4. **Analyze & decide** — per-arm mean ± spread, paired effect, is-it-beyond-noise;
   apply the pre-registered decision rule; report the full matrix + cost/latency +
   the external-validity caveat.

## References

- `references/experimental-design.md` — Fisher's principles applied to LLM
  comparison: one-variable/control, replication (how many runs), randomization,
  pairing/blocking, pre-registration, blinding, the response variable, the
  **confounds you must pin** (model version drift, temperature, system prompt, tool
  availability, context, judge model, time-of-day load), and external validity.
- `references/model-adapters.md` — running the *same* prompt across providers
  uniformly: the adapter interface, the **Claude adapter** (`claude -p` CLI and the
  Anthropic API), the **Codex / Gemini** adapter pattern (confirm flags via
  `--help`), which settings to pin for fairness, capturing cost/latency/tokens, and
  pinning versions against drift.
- `references/judging-and-stats.md` — how to **judge** (objective checkers; LLM-as-
  judge with position-randomization, blinding, a rubric; pairwise vs absolute;
  validating the judge against human labels) and how to **analyze** (per-arm mean ±
  spread, paired differences, effect size, proportion comparison for pass-rates, a
  simple beyond-the-noise check, the many-arms multiple-comparisons trap, and the
  cost/quality Pareto), with a copy-paste aggregation snippet.

## Templates

- `templates/experiment-plan.md` — the **pre-registration** worksheet: hypothesis,
  arms, the one variable, held-constant factors, suite, metric + judge, N, decision
  rule + threshold.
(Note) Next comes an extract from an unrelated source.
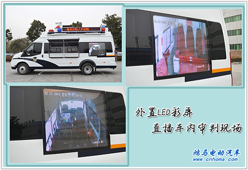 該車集訴訟服務(wù)、巡回審判、法制宣傳、執(zhí)行指揮四大功能于一體,車內(nèi)設(shè)置有審判桌椅、電子公告牌、室外LED屏、審判法庭信息化系統(tǒng)等一系列設(shè)備。為保障全天候運(yùn)行、特殊情況下執(zhí)法,還專門裝配了高功率照明攝像頭系統(tǒng)、擴(kuò)音設(shè)備等器材,是一個(gè)智能化、小型化、移動(dòng)式的“科技法庭”。

Fill it before you run.
- `templates/ab-harness.py` — a runnable matrix runner: adapter interface + a
  working **Claude** adapter (`claude -p --output-format json`, capturing
  result/cost/latency/tokens) + **Codex/Gemini stubs**; runs arms × cases × N in
  randomized order and writes `results.jsonl` for the judge/analysis step.

## Relationship to andrej, jamie & terry

- **`andrej`** is the *sequential* observe→analyze→act loop — change one thing,
  measure, keep-or-revert, repeat — for **iterating toward** a metric. Ronald is the
  *parallel* controlled comparison of **fixed alternatives** (N arms) decided with
  statistics. They share "one variable" and "a scalar metric"; use Ronald to pick
  among discrete candidates, `andrej` to iterate the winner further.
- **`jamie`**'s "quantify reliability `k/N`" is replication in miniature; Ronald
  generalizes it to replication **across arms** with blinding and a decision rule.
- **`terry`** is the natural executor: the matrix (arms × cases × N) is embarrassingly
  parallel, so a fleet can run the arms concurrently in isolated worktrees while
  Ronald defines the *fair experiment* and reads the results.